[Opening Provided entries section]

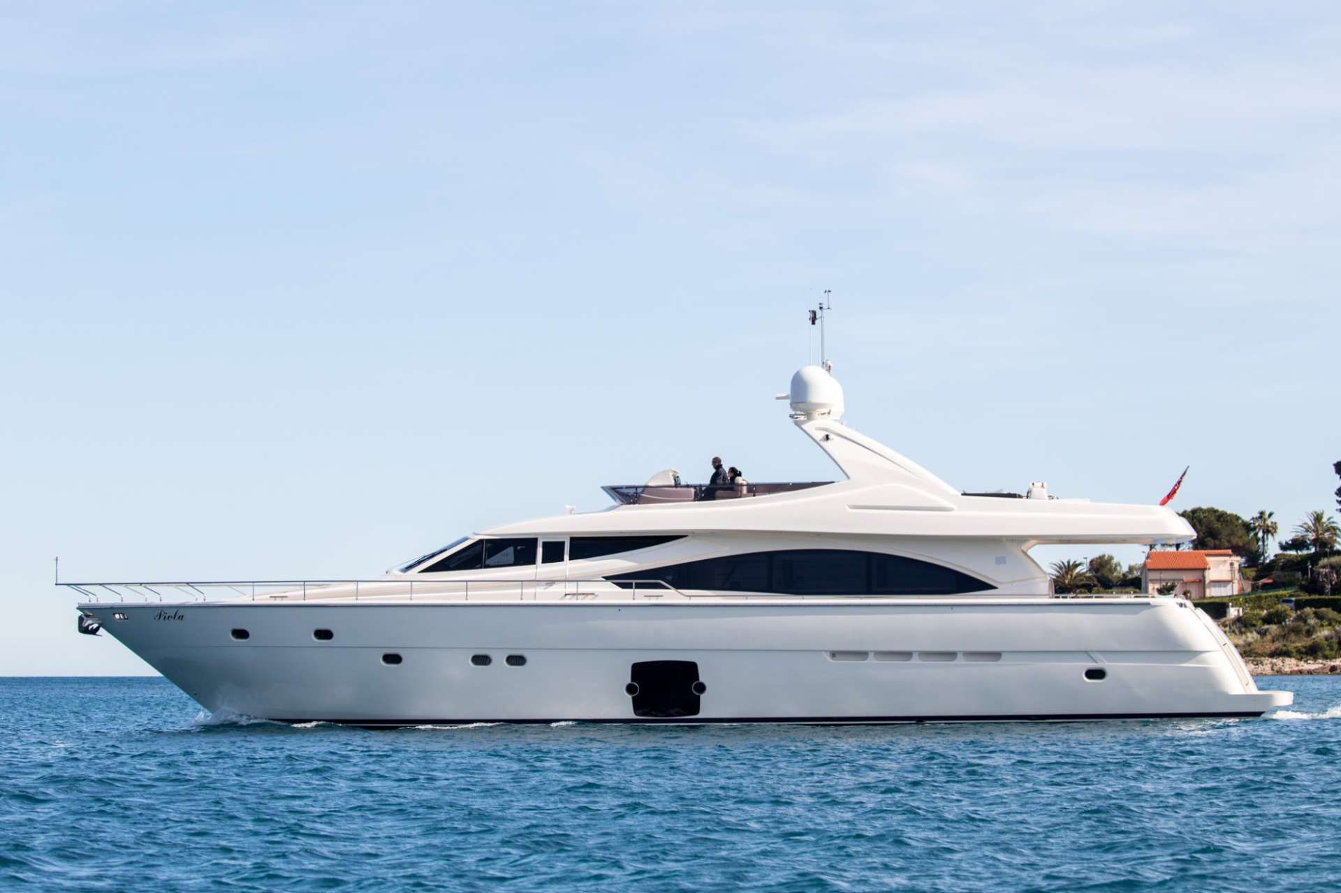 The Ferretti 830 crewed motor yacht PIOLA transforms island-hopping into pure Mediterranean artistry, elevated by the comfort of her 4 cabins for 9 guests.Your Charter Crew:
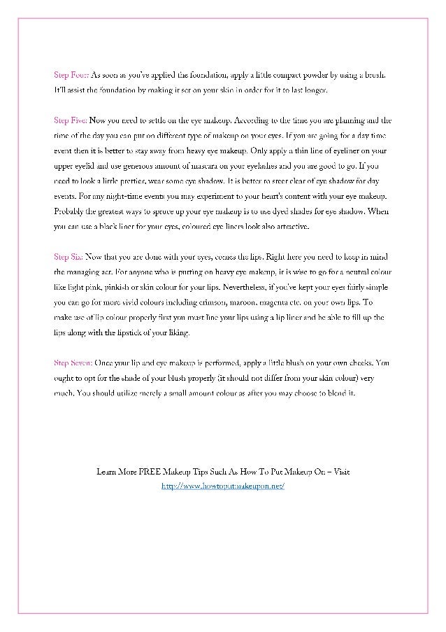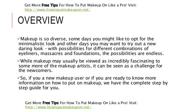 Popularized by celebrity makeup artists, but with the right How To Put On Makeup Like A Pro 10 Easy Makeup Steps. The pros know how to put on makeup quickly and achieve beautiful results.Their methods may seem a little unconventional to you. In fact, you might be surprised how makeup artists really apply cosmetics. ... Retrieve Here
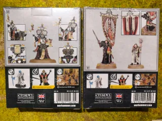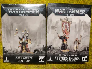 Dos cajas de miniaturas de Warhammer 40,000 de la facción Adepta Sororitas. - Caja 1: Adepta Sororitas Dialogus (1 miniatura). - Caja 2: Adepta Sororitas Aestred Thurga, Reliqant at Arms (2 miniaturas).
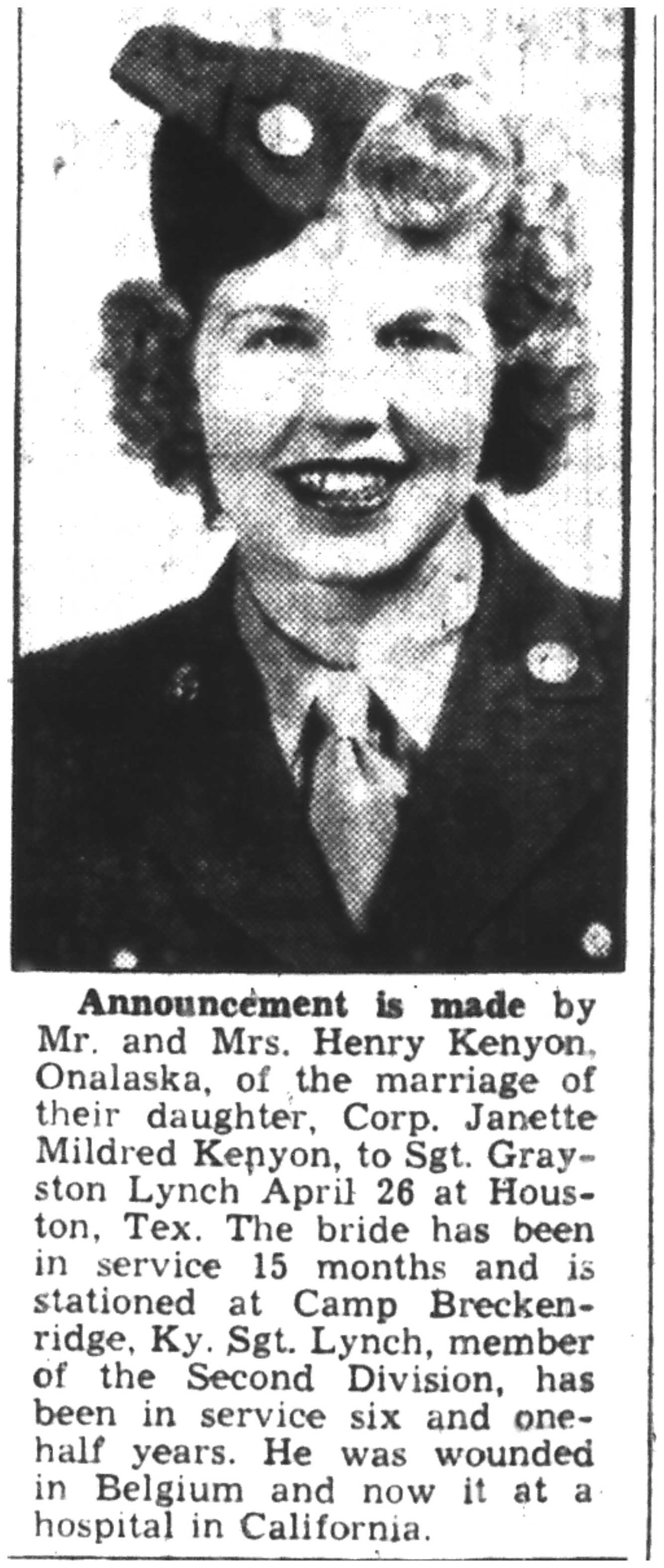 | 1945-5-11 | La Crosse Tribune p12 | |
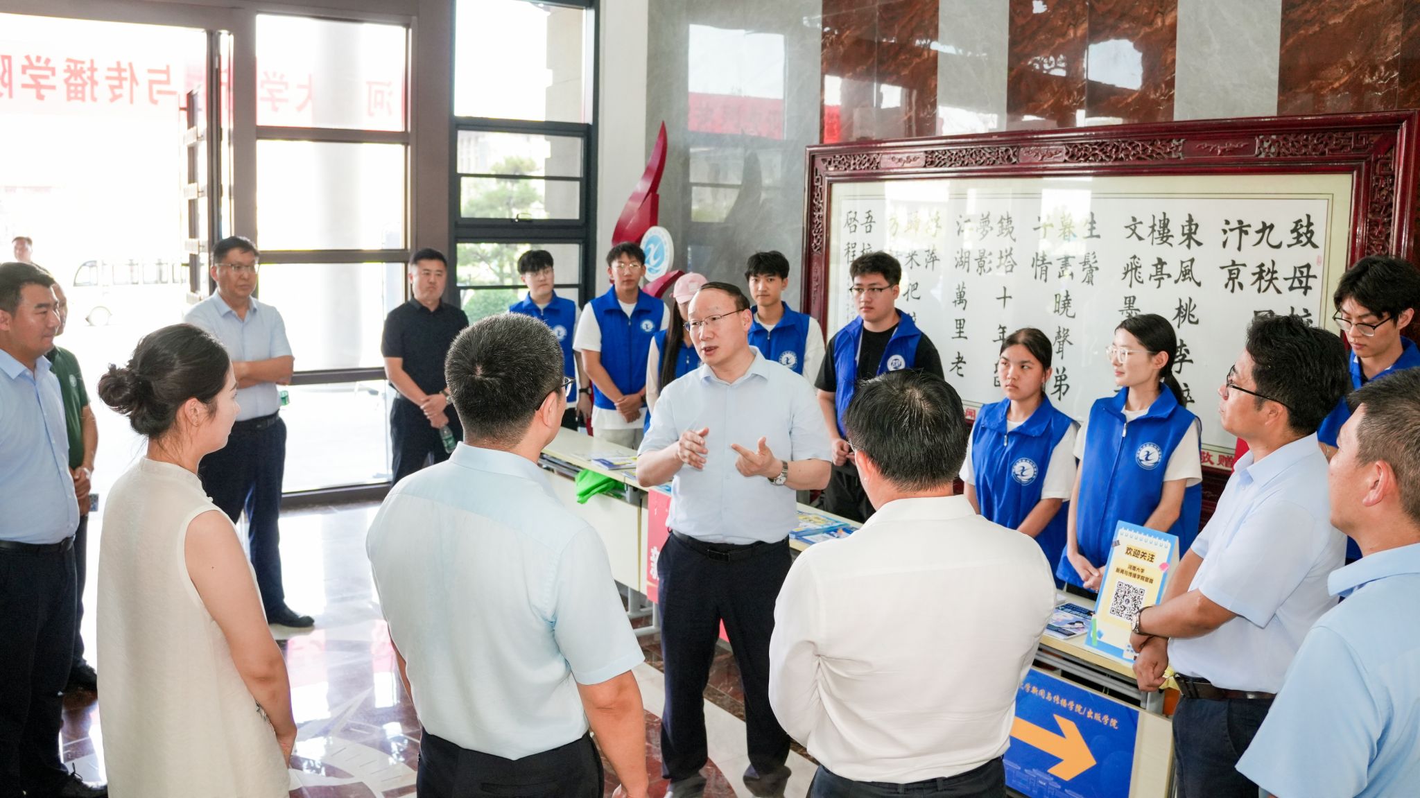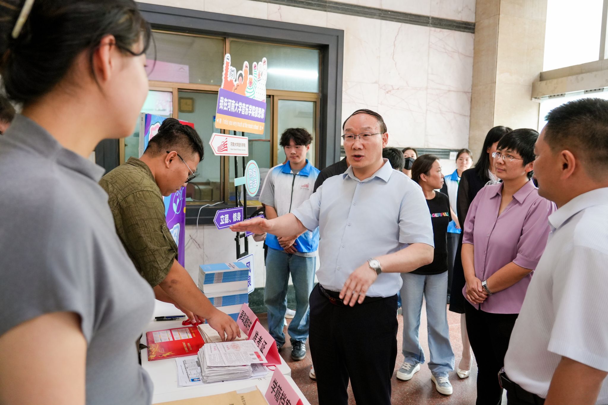 在龙子湖校区,校领导分别走进化学与分子科学学院、能源科学与技术学院、纳米科学与材料工程学院、人工智能学院及新闻与传播学院,实地体验了人工智能学院无纸化报到系统,切身感受了能源科学与技术学院贴心化服务,深入了解新闻与传播学院富有活力的社团文化氛围,对各学院结合学科专业特色推出的创新举措和温馨服务给予高度评价。“一定要对咱们学生好,他们是河大的未来!”检查过程中,张校长再三叮嘱,这句饱含温情的话语,化作一份无微不至的关怀,成为了迎接新生们最温暖的“见面礼”。

[Closing Provided entries section]

What to work on - Here the job is to print all the data exactly, skipping any image.

Response to the exercise -
 The Ferretti 830 crewed motor yacht PIOLA transforms island-hopping into pure Mediterranean artistry, elevated by the comfort of her 4 cabins for 9 guests.Your Charter Crew:
 Popularized by celebrity makeup artists, but with the right How To Put On Makeup Like A Pro 10 Easy Makeup Steps. The pros know how to put on makeup quickly and achieve beautiful results.Their methods may seem a little unconventional to you. In fact, you might be surprised how makeup artists really apply cosmetics. ... Retrieve Here
 Dos cajas de miniaturas de Warhammer 40,000 de la facción Adepta Sororitas. - Caja 1: Adepta Sororitas Dialogus (1 miniatura). - Caja 2: Adepta Sororitas Aestred Thurga, Reliqant at Arms (2 miniaturas).
 | 1945-5-11 | La Crosse Tribune p12 | |
 在龙子湖校区,校领导分别走进化学与分子科学学院、能源科学与技术学院、纳米科学与材料工程学院、人工智能学院及新闻与传播学院,实地体验了人工智能学院无纸化报到系统,切身感受了能源科学与技术学院贴心化服务,深入了解新闻与传播学院富有活力的社团文化氛围,对各学院结合学科专业特色推出的创新举措和温馨服务给予高度评价。“一定要对咱们学生好,他们是河大的未来!”检查过程中,张校长再三叮嘱,这句饱含温情的话语,化作一份无微不至的关怀,成为了迎接新生们最温暖的“见面礼”。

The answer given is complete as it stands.